I have roughly 20 CSV files (all with headers) that I would like to merge all of them into 1 CSV file.
Looking online, one way I found was to use the terminal command:
cat *.csv > file.csv
This worked just fine, but the problem is, as all the CSV files come with headers, those also get placed into the CSV file.
Is there a terminal command or Python script on which I can merge all those CSV files into one and keep only one header?

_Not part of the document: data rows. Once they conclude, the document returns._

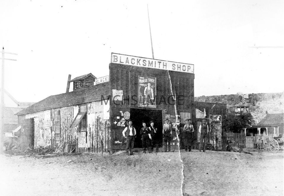 Exterior view of blacksmith shop, several well dressed men standing in front. Horseshoe Tobacco sign on building, "A Red-Hot Favorite". Jack Maddox Shop, 4th and Beale Street, entrance facing south, 4th from left, Charley Roe.Collection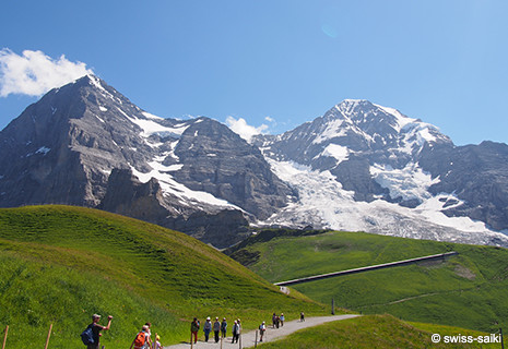 ユングフラウヨッホ駅までの鉄道の旅の後はアイガー、メンヒ、ユングフラウの景観を楽しみながらのハイキングがおすすめ。体力にあわせ、いくつかのハイキングコースが整備されているのもスイスならでは。日本語ガイドツアーもあります。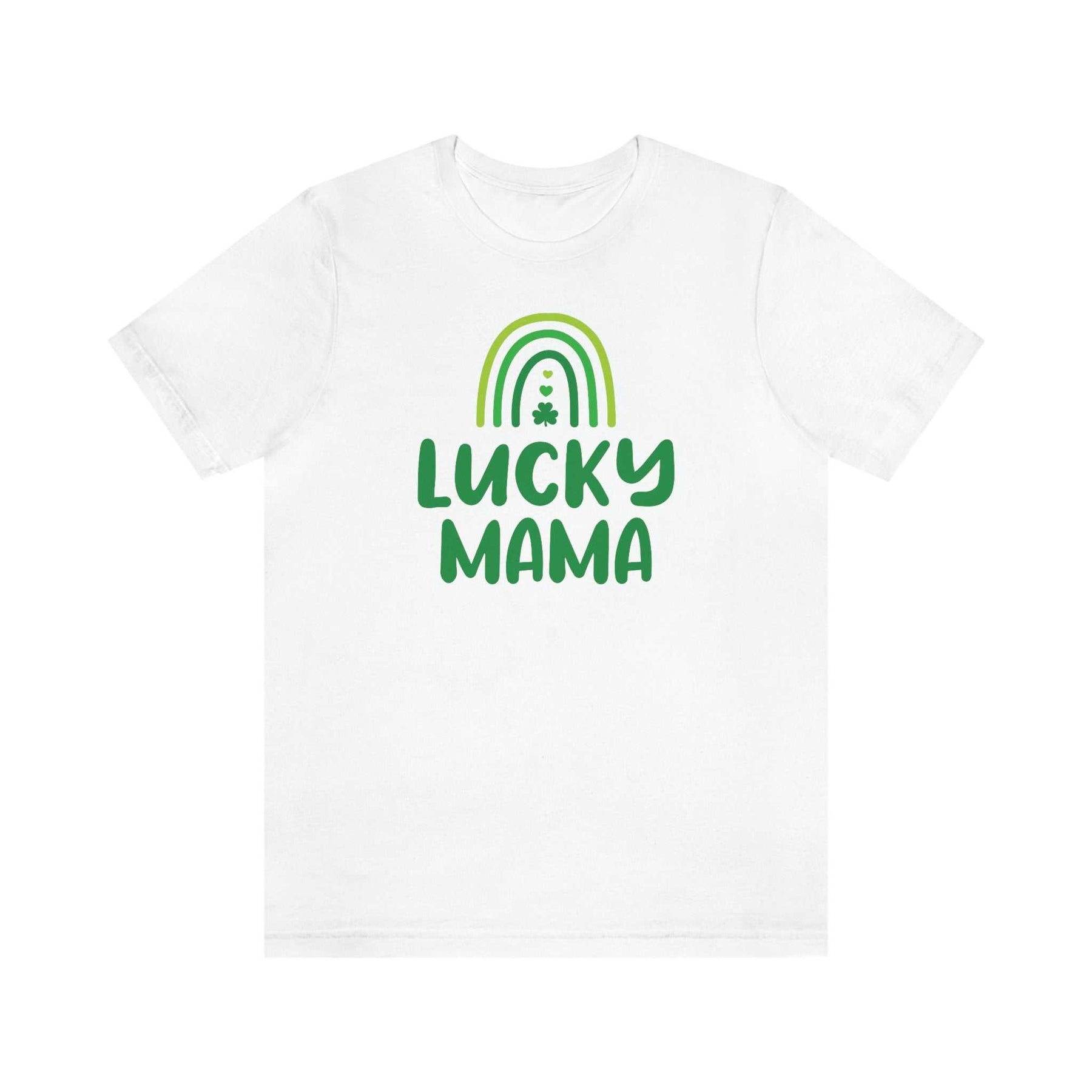 A woman in a white shirt holding a mug, showcasing the Mama Lucky Tee. Unisex jersey tee with ribbed knit collars, taping on shoulders, and Airlume combed cotton fabric. Retail fit, sizes XS to 3XL.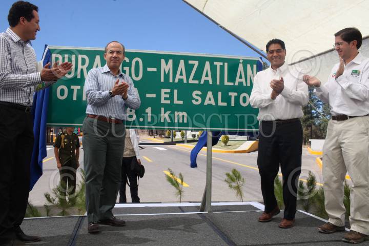 DURANGO, DURANGO, 22MARZO2011.- Felipe Calderón Hinojosa, presidente de México, Jorge Herrera Caldera, gobernador de Durango y Dionisio Pérez-Jácome, secretario de Comunicaciones y Transportes (SCT), inauguraron el tramo carretero Otinapa-El Salto de la autopísta Durango-Mazatlan. FOTO: ALFREDO GUERRERO/CUARTOSCURO.COM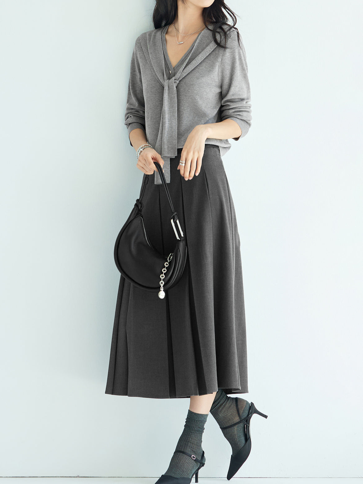 -It can be worn in a variety of ways, such as pairing it with a pleated skirt for a classic look or with pants for a work style.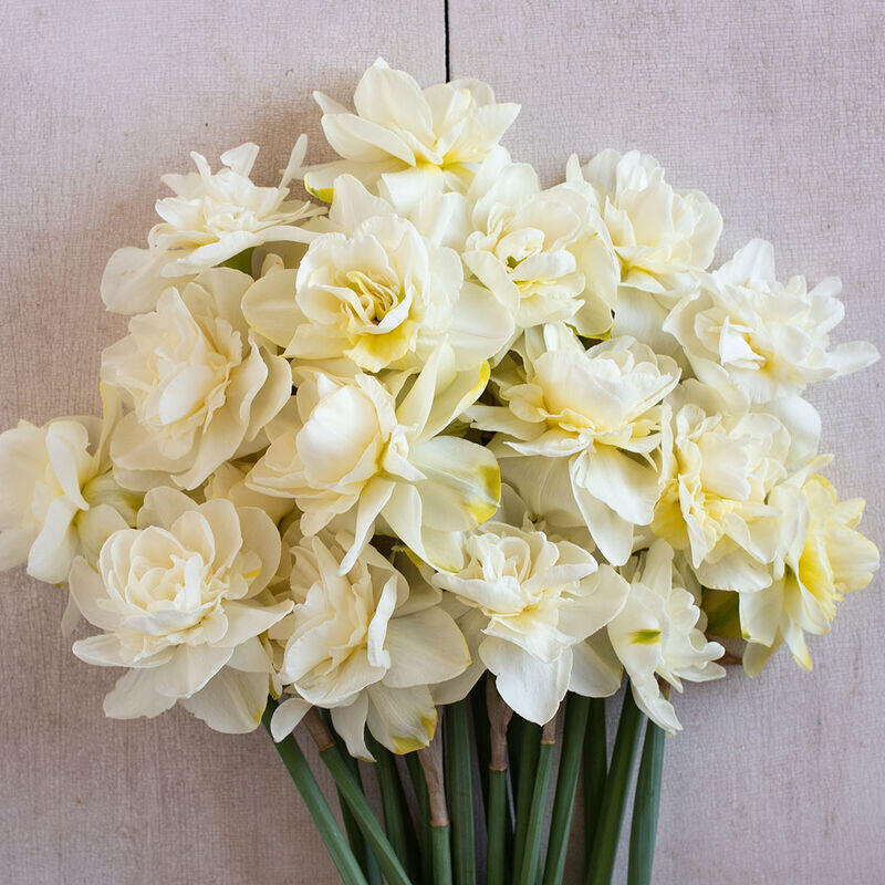 Luxusní plnokvětý narcis, který zaujme jemně zvlněnými okvětními plátky. Na pevných stoncích rostou květy, které postupem času mění svou barvu. Krémové s jemně žlutě zbarveným středem vyblednou do barvy slonovinové kosti.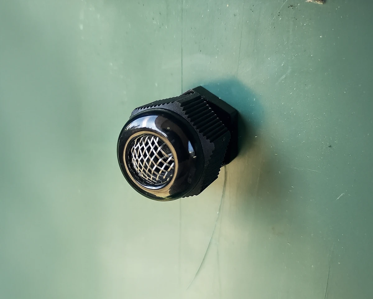 Damit das Wasser in der Regentonne nicht bis zum Gitter aufläuft, empfehlen wir, etwa 5cm unter dem Rand ein 16 mm grosses Loch zu bohren. Montieren Sie den Ablauf mit der Gitteröffnung nach aussen. So kann verhindert werden, dass die Mücken via Überlauf ins Fass eindringen.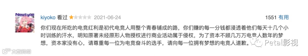 小编先去看了故事梗概:女主凭自身实力加入职业电竞战队,在男主的帮助下不断学习成长,两人终于打败其他卫冕队伍,给中国电竞拿下首个冠军🏆。这些看着都挺正能量的吧,但是小编去看了电竞爱好者的评论,发现大家提到的最多的词就是——抄袭。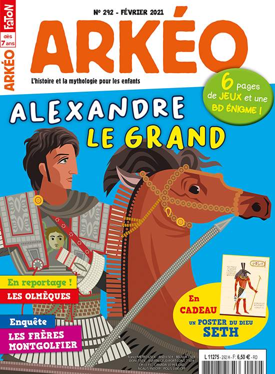 Si tu rêves de conquérir un empire, Arkéo te propose ce mois-ci de suivre l’exemple d’Alexandre le Grand... Il faut dire que question empire, le monsieur en connaît un rayon ! Au 4e siècle avant J.-C., il règne même sur le plus vaste de l’Antiquité. Respect ! Puis, que dirais-tu d’un petit tour en ballon à air chaud ? C’est avec les frères Montgolfier évidemment... Retrouve aussi tes rubriques habituelles, l’image-mystère, la déesse du mois et un reportage sur les Olmèques. Sans oublier tes jeux du coin de la récré et tes BD préférées. Bonne lecture !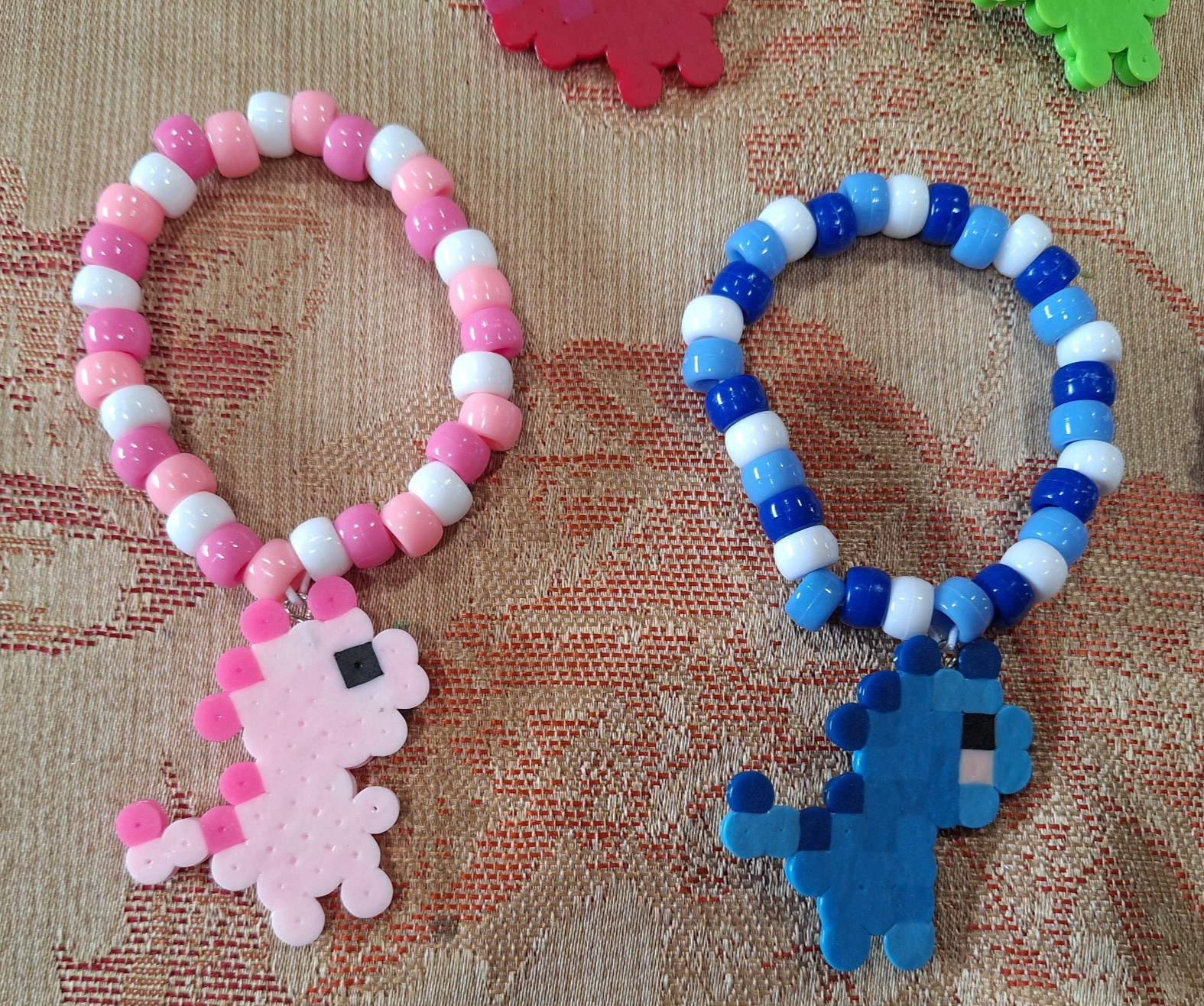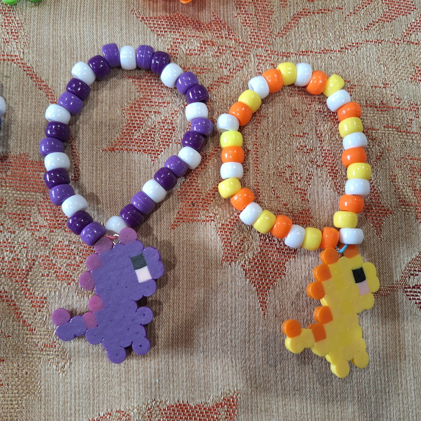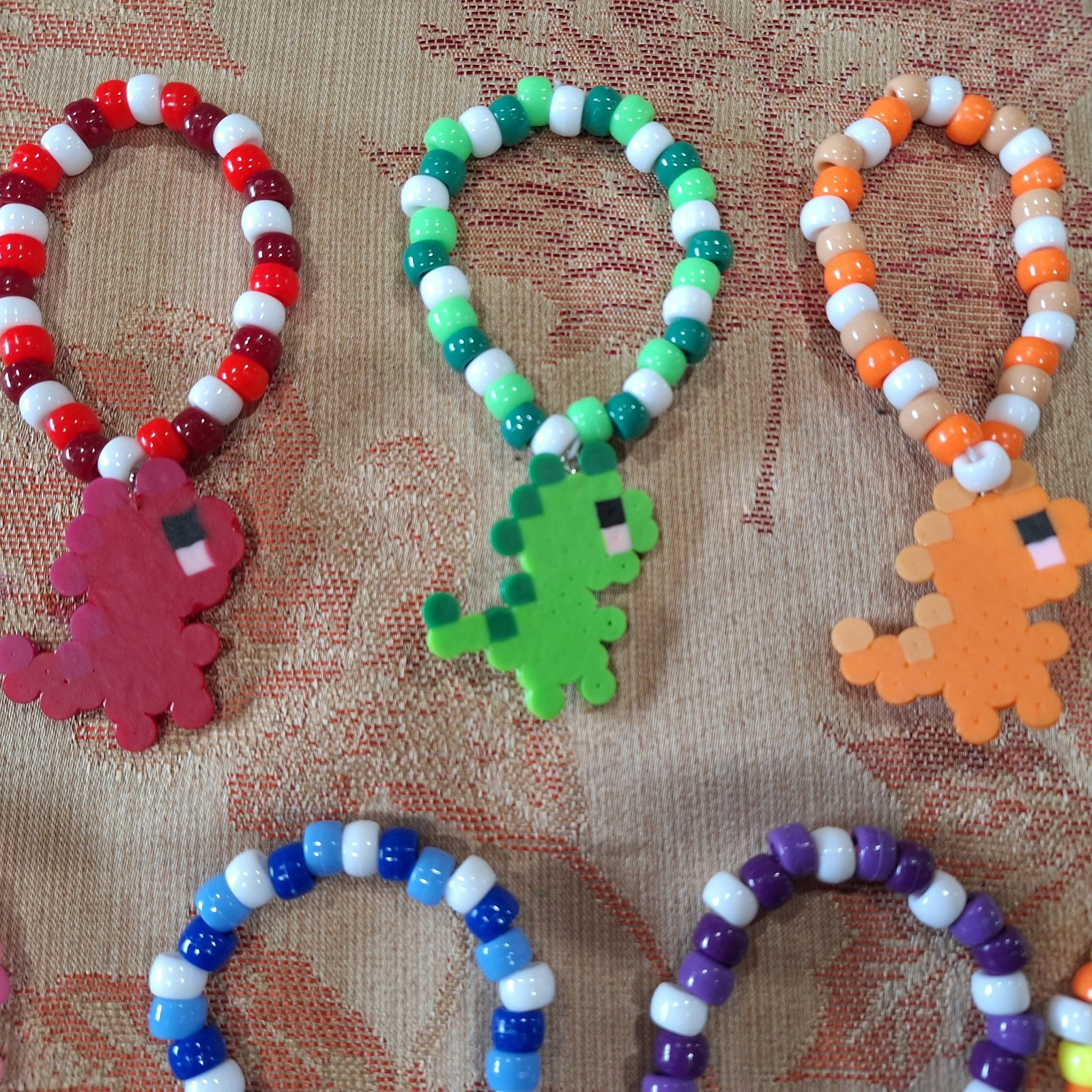 KANDI Lot of 7 Dinosaur Rainbow Bracelets Pony Beads - EDM- RAVE - PLUR- EDC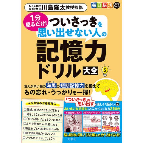 忘れがちな「ついさっきの出来事」を脳に記憶し再び思い出す力を徹底強化!衰えが早い脳の「海馬」の「短期記憶力」を鍛えて、もの忘れ・うっかりを一掃!

My vote goes to the Awk solution, but since this question explicitly asks about Python, here is a solution for that.
import csv
import sys
writer = csv.writer(sys.stdout)
firstfile = True
for file in sys.argv[1:]:
with open(file, 'r') as rawfile:
reader = csv.reader(rawfile)
for idx, row in enumerate(reader):
# enumerate() is zero-based by default; 0 is first line
if idx == 0 and not firstfile:
continue
writer.writerow(row)
firstfile = False
Usage: python script.py first.csv second.csv etc.csv >final.csv
This simple script doesn't really benefit from any Python features, but if you need to count the number of fields in non-trivial CSV files (i.e. with quoted fields which might contain a comma which isn't a separator) that's hard in Awk, and trivial in Python (because the csv
library already knows exactly how to handle that).